Судьбы и фурии - Грофф Лорен. Страница 58

Милая Рейчел, золотое сердце.

Когда она приезжала, всегда говорила что-нибудь вроде: «Это тебе, яблочный пирог» или «Свежий хлеб!», «Хризантемы», «Подержи мою дочурку, она – целебный бальзам от любого горя».

Все остальные давали ей только время и пространство.

– Господи, кто бы мог подумать, что Матильда окажется такой сучкой, – говорили уязвленные друзья, возвращаясь домой после встречи с ней. – Разве это можно было предположить, когда Лотто был жив? Вы можете поверить в то, что она сказала?

– Она просто одержима каким-то демоном, – говорили одни.

– И имя ему – горе, – утверждали другие со знающим, уверенным видом.

Было принято негласное соглашение: они вернутся в этот дом, только когда Матильда станет прежней, элегантной и улыбчивой.

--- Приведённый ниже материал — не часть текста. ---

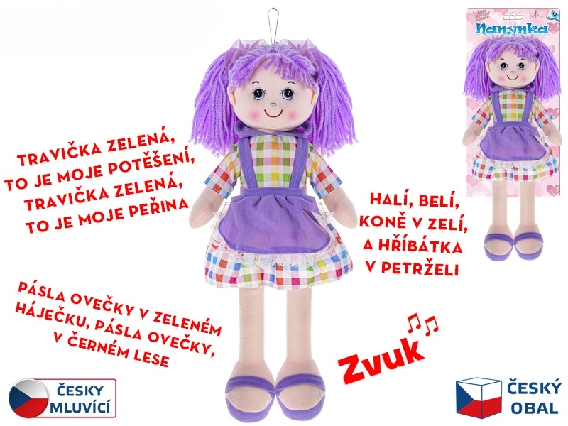 La ravissante poupée Nanynka au corps souple fera le bonheur de chaque petite princesse. Elle mesure 50 cm, porte une jolie robe violette et, grâce à ses fonctions, parle et chante en tchèque. Sa conception souple assure un jeu sûr et confortable dès la naissance. L’alimentation se fait avec 3× piles bouton LR44 incluses.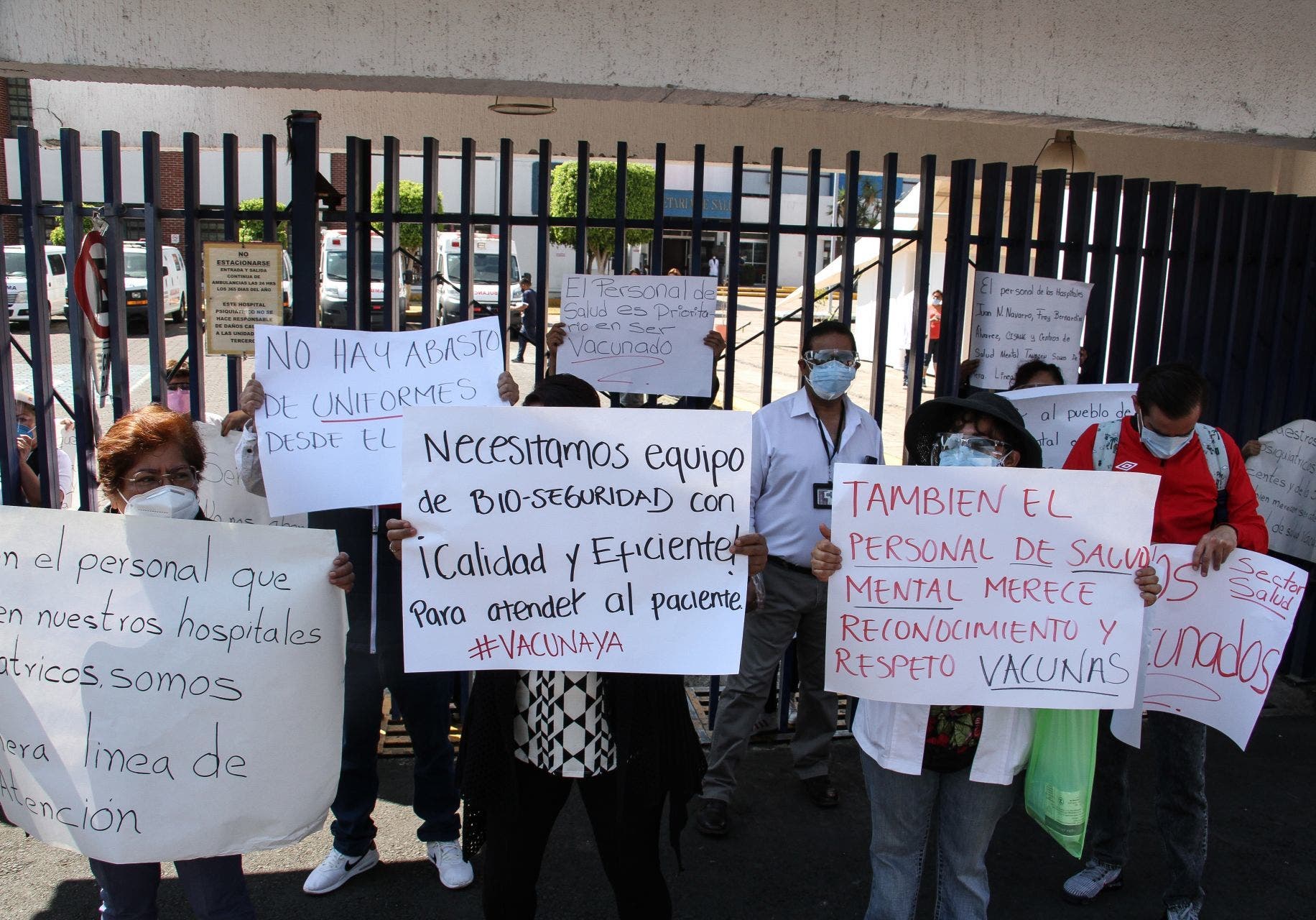 Los manifestantes dijeron que por no ser considerados como un hospital de primera línea, no se les ha aplicado la vacuna para el coronavirus.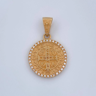 Dije Placa San Miguel Arcangel | Tres Oros 18K | 31.3gr | 7cm | Texturizado Circones Blancos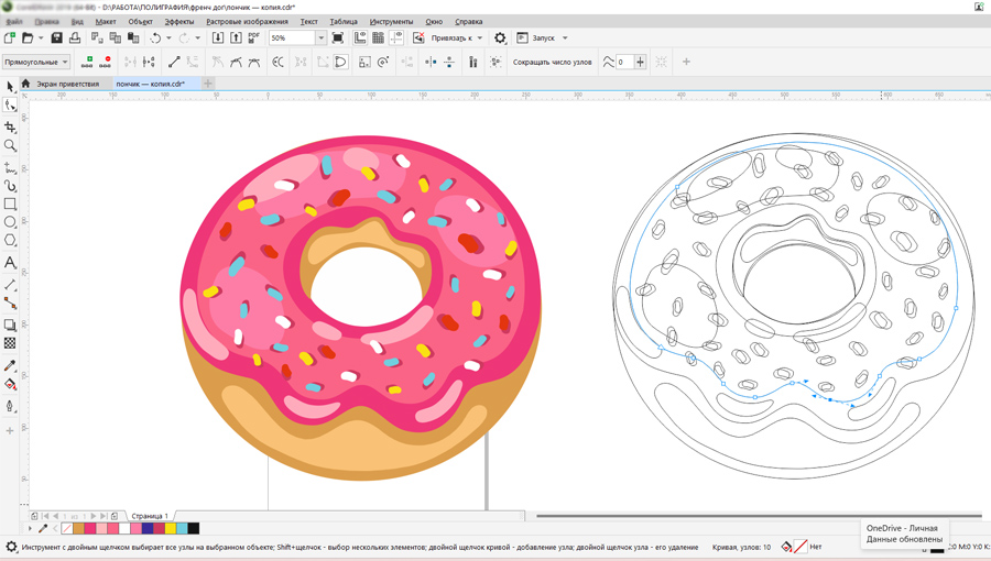 Рис. 4. Рисунок пончика в векторной программе CorelDRAW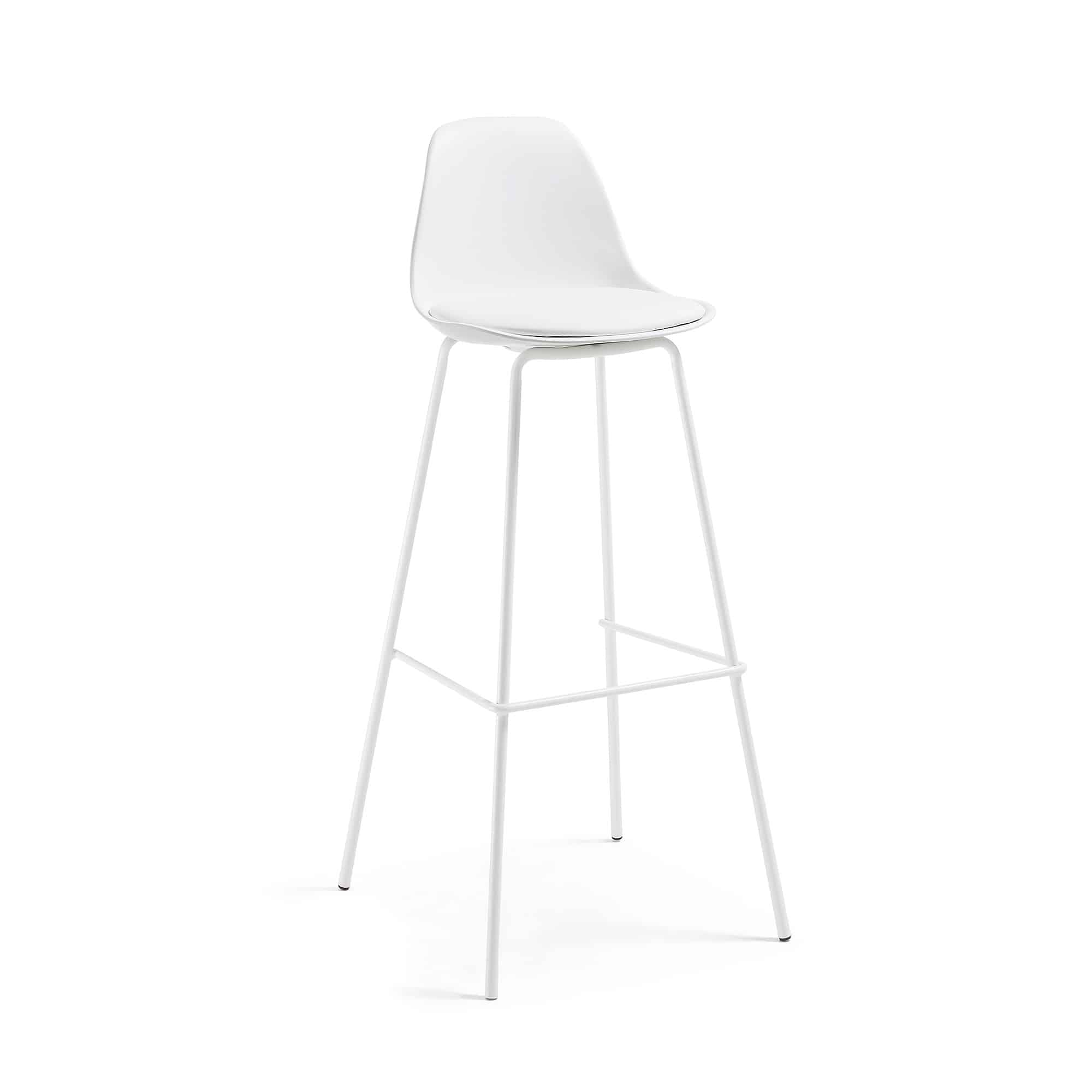 Går du og kigger efter en barstol til din bolig. Så kan det være at denne Lysna barstol fra Kave Home lige er noget for dig. Barstolen med fodstøtte og ryglæn er lavet i hvidt plastik og metal, og har et sæde i hvidt kunstlæder. En charmerende og stilfu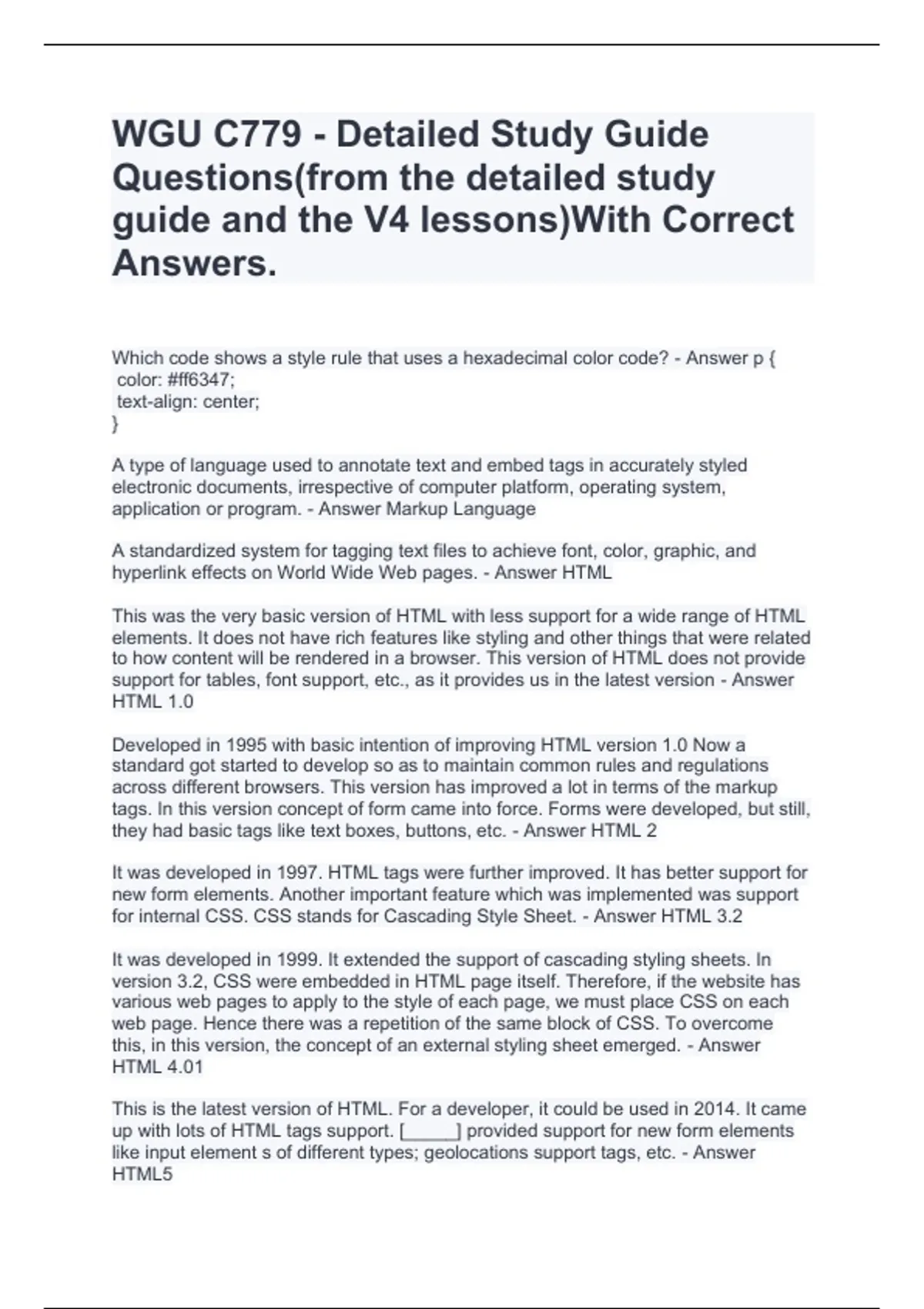 This document provides a complete and structured collection of study questions taken from the WGU C779 Detailed Study Guide and the V4 lesson materials. Each question is paired with the correct answer, covering all foundational web development topics including HTML, CSS, page structure, accessibility, design principles, and web standards. It is designed to fully support students preparing for the C779 Objective Assessment by offering accurate, exam-aligned content.

Однако все равно слали ей подарки.

Сэмюель прислал бромелию, Чолли – целые башни бельгийского шоколада, Даника – своего личного массажиста, которого Матильда молча отправила обратно, Эрни – ящик вина. Ариель прислал длинное черное кашемировое платье, в котором Матильда лежала, свернувшись калачиком, несколько дней. Странно, что именно подарок от старого босса оказался единственной почти идеальной вещью среди прочих.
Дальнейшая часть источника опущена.